Imagine, if you will, that it’s 1994 again.
Dopey family comedies are still a hot commodity, and Rob Reiner has just released a new film called “North.” The trailer makes it look like a cute movie, if a little cheesy. So you take your kids to go see it. You are then confronted with unrelenting horror and disgust.
“North” is truly a marvel. A movie so awful it caused Roger Ebert to say “I hated this movie. Hated, hated, hated this movie,” its legacy lives on as the worst stain on the legacy of Elijah Wood — yes, worse than “Spy Kids 3-D.”
Elijah Wood plays North, a 9-year-old boy who is an amazing super genius and good at everything, but is under-appreciated by his parents, played by Julia Louis-Dreyfus and Jason Alexander. Bet you never thought you’d see Elaine and George from “Seinfeld” together again on screen — especially in something this awful.
North leaves his uncaring parents and hunts for better ones in a journey that leads him around the world of ethnic stereotypes, including, but not limited to, Kathy Bates in Native-face. The amount of ethnic stereotypes and laziness in concept is absurd, which is saddening.
This movie was made by the same man who directed “When Harry Met Sally,” one of the best comedies of all time, not five years earlier.
But in this film, beyond the aforementioned atrocity, the audience is forced to bear witness to an offensive African tribe, Dan Aykroyd attempting to sing like a cowboy, a French couple wearing berets and watching Jerry Lewis and a myriad of other things so offensive and mystifying it will make your head spin.
The cast of early ’90s superstars in this movie, most of whom are actually good actors, by and large are complete failures. The biggest crashing and burning comes by way of Bruce Willis, who plays the dual role of narrator and guardian angel for North. His performance is so wooden and so flat it would seem as though he had never stood in front of a camera before. He acts like Reiner grabbed him off the street, stuffed him in various costumes and screamed at him to act.

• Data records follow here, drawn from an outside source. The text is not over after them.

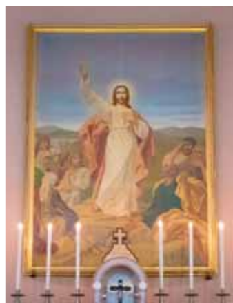
大聖堂内にある絵画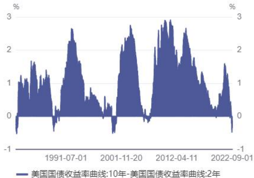
图2. 美国10年期国债收益和2年期国债收益率倒挂幅度逾20年以来最大

美国长短期国债收益率曲线倒挂幅度逾20年最大，美国经济陷入远期衰退的阴霾，可能笼罩在美国升息的后半场之中，“放缓加息-降息”的交易预期落空，超预期金融环境收紧的背景下，大宗商品仍在熊市波动框架之中。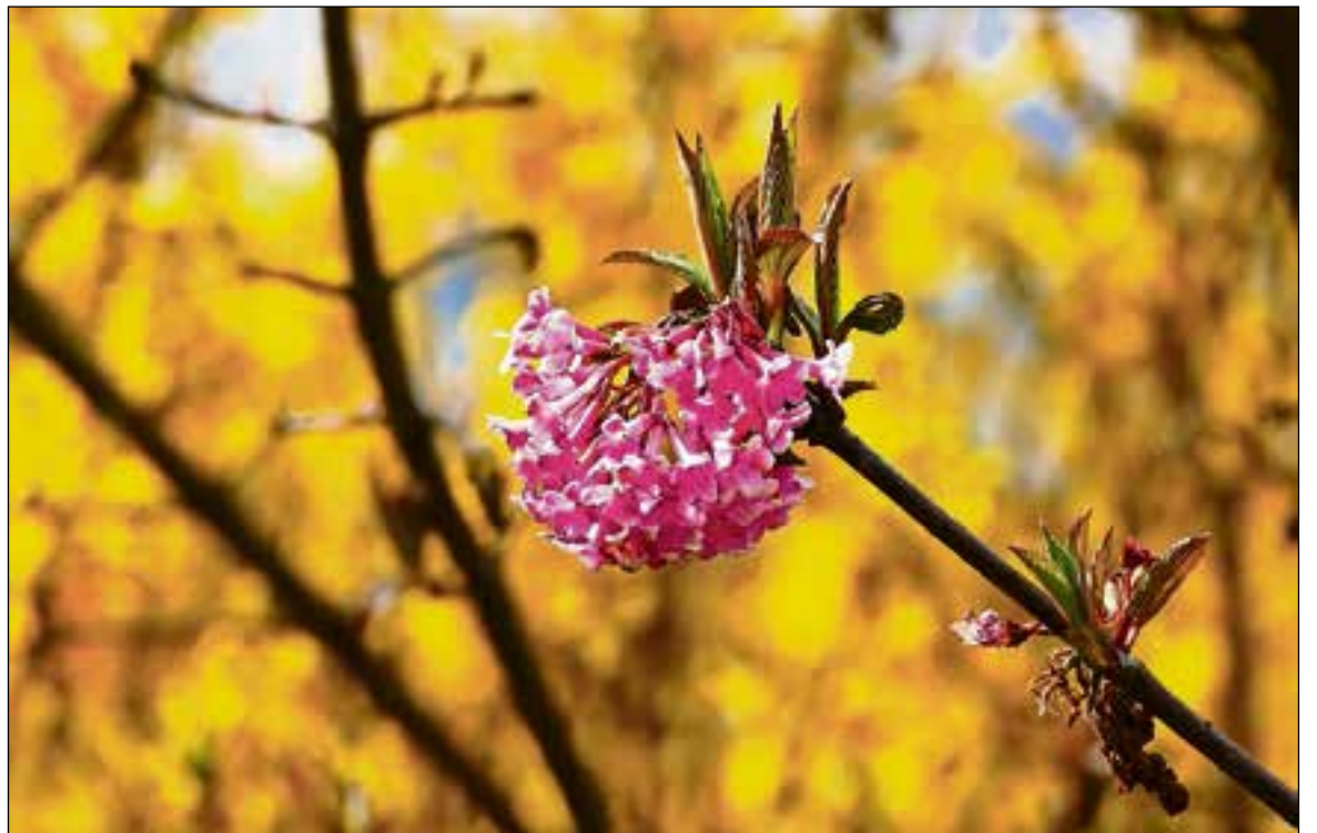
■ Prachtige kleuren in de borders langs het Enkhuizerzand.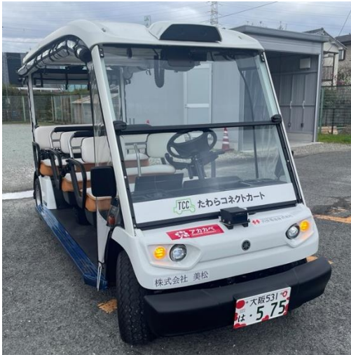
実際に走行する車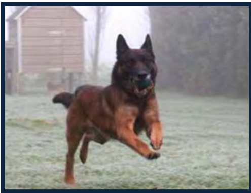
Figura 3. Pastor belga mallinois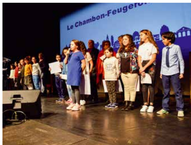
Les membres du Conseil Municipal Enfants et ceux du Conseil Communal des Aînés étaient présents lors de la soirée des vœux, à La Forge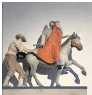
Skulptur: Sankt Martin teilt seinen Mantel mit einem Bettler

Montag, den 11.11.2024 findet der traditionelle Sankt Martinsumzug in Rückweiler statt.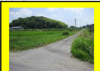
抜け道として使う車が多いので、注意して通行しましょう！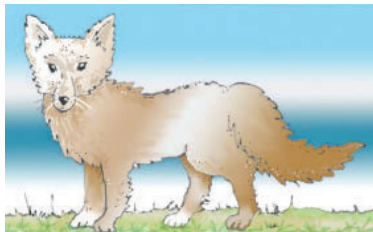
© piirros: Heli Naskali / väritys: IA

Yhtäkkiä Outi ilmaisi äänekkäästi näkevänsä baanan alla liikettä: – Naaleja! Ja totta tosiaan, kaksi takkurturkkista napakettua tuijotti meitä ja eväitämme ahnaan hölmistynein ilmein, mutta lähtivät sitten jolkuttamaan ylös rinnettä.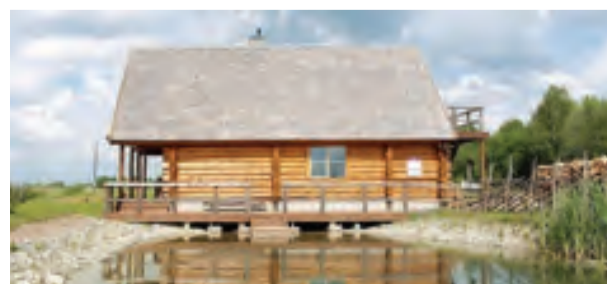
Koppelmaa külas asuva Endla Talu saunamajas on esimesel korrusel puuküttega saun suure leiliruumiga, samuti kööginurk, kaminasaal ja väljas tiik. Maja teisel korrusel magamistoad kokku 16 voodikohaga.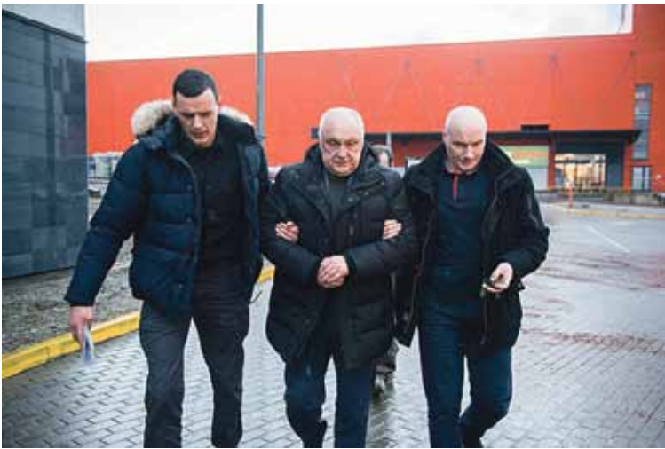
Prokuroras papiktino, kad garbaus amžiaus teisininkai buvo vedami kaip pavojingi recidyvistai, o teisme laisvai vaikštinėjo kontrabandininkas

Willis is far and away not the only miserable flop on this movie’s cast list. Bless Wood’s heart — he wasn’t even 13-years-old when this movie was filmed, but he is atrocious. The only emotion he can convey is wide-eyed shock at the things that happen to him, particularly in one scene where he moves in with an average American family — white picket fence, barbecues, the whole nine yards. Incidentally, this average American family was Scarlett Johansson’s screen debut.
Honestly, even alongside all of the ethnic stereotypes, this family scene is the most frustrating in the entire movie. It seems like North is happy with his life, but he just kind of up and leaves. For no good reason, he goes away from the perfect family because the screenplay says so.
This movie is bewildering. How this massive amount of talent could come together to create such an awful product is beyond me. At least it managed to not entirely murder Frodo’s career.